On identification, the Bartik instrument is weak in the pre-festival period and we therefore confine IV inference to the During and After windows. The Borusyak–Hull shift-orthogonality test [
21] returns a positive correlation that we attribute to the common-shock structure of Songkran; thus, the causal argument rests on the joint strength of the temporal lag, placebo permutation, three-IV convergence, and diffuse Rotemberg weights rather than on any single diagnostic. Because buzz is measured at the district level rather than the individual level, individual-level causal claims would require an exposure-representativeness assumption that our data do not directly test.

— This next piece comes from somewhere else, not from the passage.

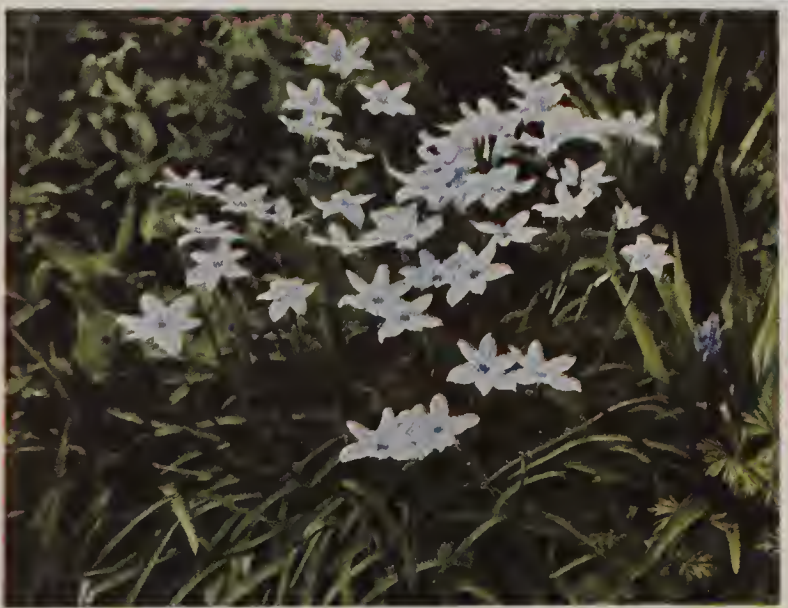
Triteleia Uniflora See page 60.
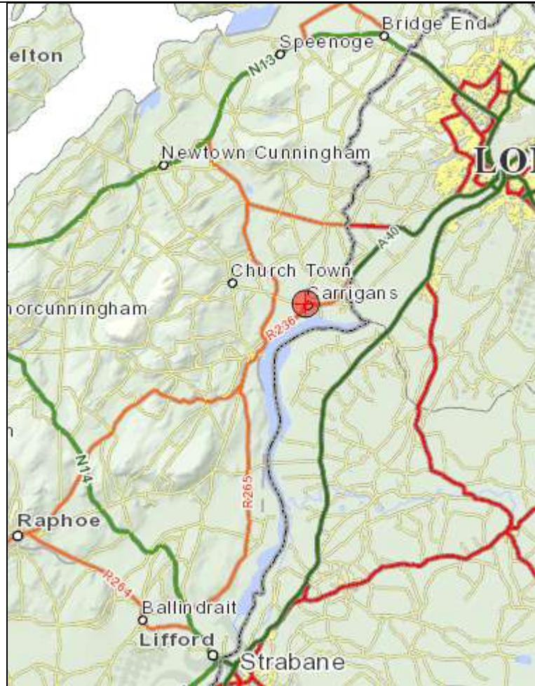
Location Map ( www.archaeology.ie )

Future work could profitably integrate multiple social media platforms, run experimental designs that manipulate buzz intensity in controlled settings, and follow DMO social media interventions longitudinally to test whether they produce sustained changes in the spatial patterns of tourists. Adding sentiment analysis would also enrich our understanding of how the valence of online discussion differentially shapes spatial choices. Because our buzz variable captures volume rather than valence, we cannot decompose the cascade into attraction-driven and warning-driven components; future work incorporating sentiment classification could test whether negative buzz (e.g., crowding complaints) attenuates or, paradoxically, amplifies the cascade through a curiosity or fear-of-missing-out channel.